Les Européens sont fatigués de cette tension. Ce n'est pas pour rien que dans les sondages en France, le Rassemblement National et Reconquête fassent  40 % dans les sondages. Les Français et une partie des européens sont fatigués de voir cette immigration incontrôlée détruire nos valeurs et d’assister au développement de l’islamisme.

Qu'est ce qui empêche le gouvernement français, le président de la République de prendre à bras le corps le sujet ? C'est une question de cohésion nationale. Ça, c'est le rôle du président de la République. Il ne peut pas laisser faire ce qu’il se passe à l'Assemblée nationale avec les députés de La France insoumise qui instrumentalisent la cause palestinienne. Il ne peut pas laisser les Frères musulmans faire la loi. Il ne peut pas laisser les gens se faire poignarder et insulter. Il y a une faillite intellectuelle, démocratique et morale. Les Français et les Européens ont décidé de se prendre en charge et commencent à se prendre avec de mauvaises méthodes mais c'est aux démocrates d'intervenir.

Des dérapages, effectivement comme en Allemagne ou au Royaume-Uni, peuvent avoir lieu. Des citoyens vont décider de faire leur propre sécurité, de se défendre eux-mêmes. Il y a un danger à ce stade.

Rodrigo Ballester : Guerre civile, l’expression est trop lourde. Mais comment ignorer la mise en garde Gérard Collomb après son séjour Place Beauveau ?  Comment ignorer la réalité d’une France et de nombreux pays d’Europe occidentale ou des communautés vivent les uns en face des autres ? Alors, une guerre civile au sens littéral avec des camps s’affrontant sur un champ de bataille, non. Mais des séparations territoriales dans un même pays, dans des quartiers,  villes voire des régions et même au niveau politique avec l’apparition de partis confessionnels, cela existe déjà et bien aveugle est celui qui ose encore le nier, mais ils sont malheureusement très nombreux.

L’impact électoral est clair : une percée des partis contraires à l’immigration illégale et prêts à prendre le taureau par les cornes avec un discours et des programmes clairs. Mais cela changera-t-il pour autant la situation sur le court et moyen terme ? J’en doute, car d’une part cette percée ne sera pas un tsunami qui renverserait l’équilibre actuel au sein du Parlement Européen . Deuxièmement, détricoter la toile d’araignée juridique et administrative qui empêche de changer de cap prendra du temps si elle a lieu. Et finalement, n’oublions pas qu’une partie non négligeable des électeurs européens reste favorable à la migration. C’est une donc une question extrêmement clivante qui risque de muter en schisme social, le sujet qui cristalisera un antagonisme au sein même de nombreux pays européens. LE tout, dans un climat couvé de violence.

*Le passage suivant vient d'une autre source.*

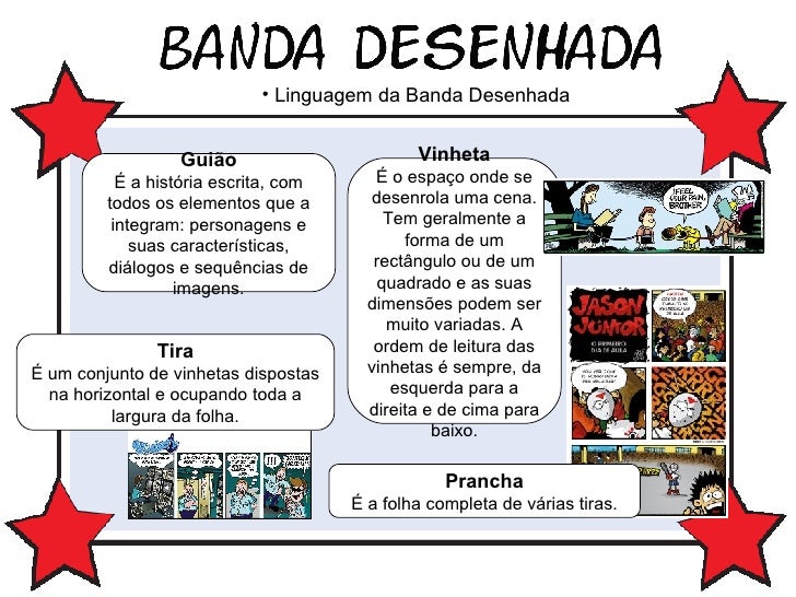 3. 4. Vinheta É o espaço onde se desenrola uma cena. Tem geralmente a forma de um rectângulo ou de um quadrado e as suas dimensões podem ser muito variadas. A ordem de leitura das vinhetas é sempre, da esquerda para a direita e de cima para baixo. Guião É a história escrita, com todos os elementos que a integram: personagens e suas características, diálogos e sequências de imagens. Tira É um conjunto de vinhetas dispostas na horizontal e ocupando toda a largura da folha. Prancha É a folha completa de várias tiras. <ul><li>Linguagem da Banda Desenhada </li></ul>

Le risque principal pour l’UE, c’est tout simplement de ne pas survivre à cette situation ou d’y perdre trop de plumes. La gestion migratoire est majoritairement une compétence européenne et force est de constater qu’une grande partie des électeurs européens considèrent que l’UE a échoué dans ce domaine. Pourra-t-elle redresser la barre ? L’UE sera jugée sur ce bilan et si d’ici cinq ans la situation reste la même, alors le résultat des elections européennes pourrait bien, cette fois-ci, opérer un grand basculement.